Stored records
....
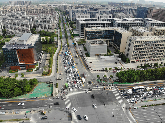 同時,由于橫跨文一西路的車道面積增加,南北向人行橫道線較長,市民一次性不能穿越文一路時,需要在圍護區(qū)附近耐心等待,依照紅綠燈二次過街。
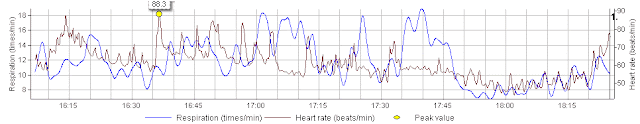 Here is a fragment of the GoWear sleep trace from November 22nd. Restorative Yoga and the meditation session went from 4:00 to 6:15 PM. GoWear shows me as active during the entire Yoga session, which ran from 4:00 to 5:30 PM, then lying down from 5:30 to about 5:45 (the light Grey region), at 5:45 GoWear sees me going into a sleep state (the dark region) before I got up and went home. I was by no means asleep between 5:45 and 6:15, but I was in a different state. I had mentioned FirstBeat Athlete’s implementation of algorithms that infer breathing rates from HRV data. The next FirstBeat trace shows my heart rate and inferred respiration for the combined restorative Yoga and Meditation session for the evening. You can see that around 5:45 PM my heart rate and breathing lowered and synchronized with each other. Some of the guidance during a meditation session is a gentle urging to open the heart and connect it to the breath and apparently that happened. But why did the data register as sleep? Was there something
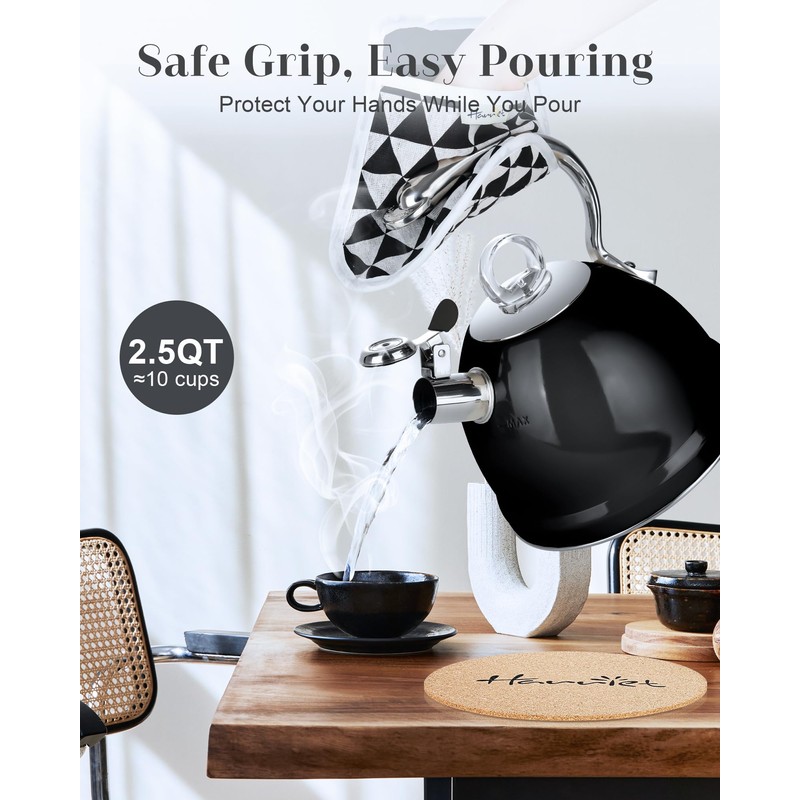 For added convenience and safety, this kettle comes with a heat-resistant holder and pad to protect your hands from burns while handling it after use. With a generous 2.5QT capacity, it's perfect for larger families, gatherings, or anyone who enjoys a hot cup of tea or coffee throughout the day.
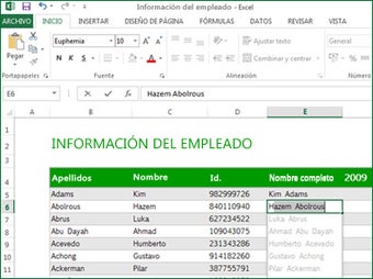 En Excel 2013, la nueva función Flash Fill rellena automáticamente rangos enteros de celdas seleccionadas. Excel analiza la tabla entera, detecta relaciones entre celdas y sugiere valores o textos. Excel también hace más sencillo crear tablas dinámicas y gráficos, generando sugerencias de forma similar. La nueva función de análisis rápido (Quick Analysis) de Microsoft Office Home Premium 2013 permite previsualizar algunas de las opciones de formato ya en la misma hoja de cálculo.
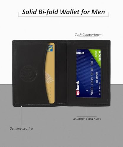 HOT ! Leatherboss Genuine Leather Small Slim Bifold Wallet | Credit, Debit, ID Card Holder | Compact & Stylish with Clear ID Windows | Gift for Men, Black
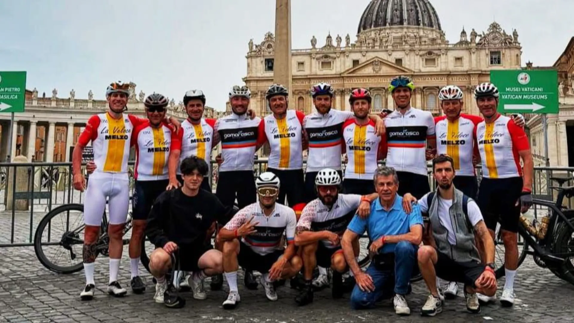 The athletes from the Gomarasca Bike Club and La Veloce Melzo arrived in Rome on days when the capital was overrun with faithful from all over the world to honor Pope Francis, who passed away on April 21.
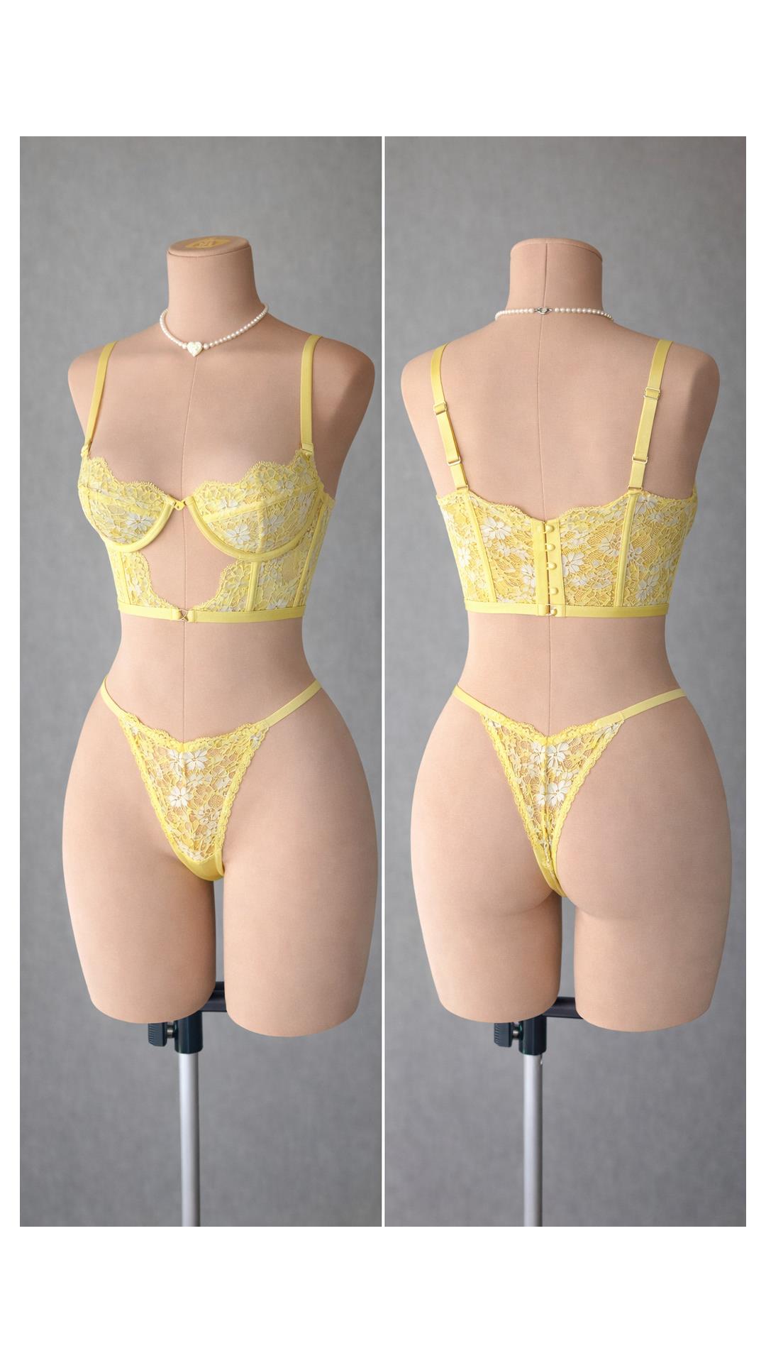 A delicate yellow lace that catches the light and gently embraces the skin.
....
**PROBLEM DETAILS:** The lines from the top of the data above through the one holding "En Excel 2013, la" are to be repeated exactly, and only those, with no pictures.

**ANSWER TO THIS PROBLEM:**
 同時,由于橫跨文一西路的車道面積增加,南北向人行橫道線較長,市民一次性不能穿越文一路時,需要在圍護區(qū)附近耐心等待,依照紅綠燈二次過街。
 Here is a fragment of the GoWear sleep trace from November 22nd. Restorative Yoga and the meditation session went from 4:00 to 6:15 PM. GoWear shows me as active during the entire Yoga session, which ran from 4:00 to 5:30 PM, then lying down from 5:30 to about 5:45 (the light Grey region), at 5:45 GoWear sees me going into a sleep state (the dark region) before I got up and went home. I was by no means asleep between 5:45 and 6:15, but I was in a different state. I had mentioned FirstBeat Athlete’s implementation of algorithms that infer breathing rates from HRV data. The next FirstBeat trace shows my heart rate and inferred respiration for the combined restorative Yoga and Meditation session for the evening. You can see that around 5:45 PM my heart rate and breathing lowered and synchronized with each other. Some of the guidance during a meditation session is a gentle urging to open the heart and connect it to the breath and apparently that happened. But why did the data register as sleep? Was there something
 For added convenience and safety, this kettle comes with a heat-resistant holder and pad to protect your hands from burns while handling it after use. With a generous 2.5QT capacity, it's perfect for larger families, gatherings, or anyone who enjoys a hot cup of tea or coffee throughout the day.
 En Excel 2013, la nueva función Flash Fill rellena automáticamente rangos enteros de celdas seleccionadas. Excel analiza la tabla entera, detecta relaciones entre celdas y sugiere valores o textos. Excel también hace más sencillo crear tablas dinámicas y gráficos, generando sugerencias de forma similar. La nueva función de análisis rápido (Quick Analysis) de Microsoft Office Home Premium 2013 permite previsualizar algunas de las opciones de formato ya en la misma hoja de cálculo.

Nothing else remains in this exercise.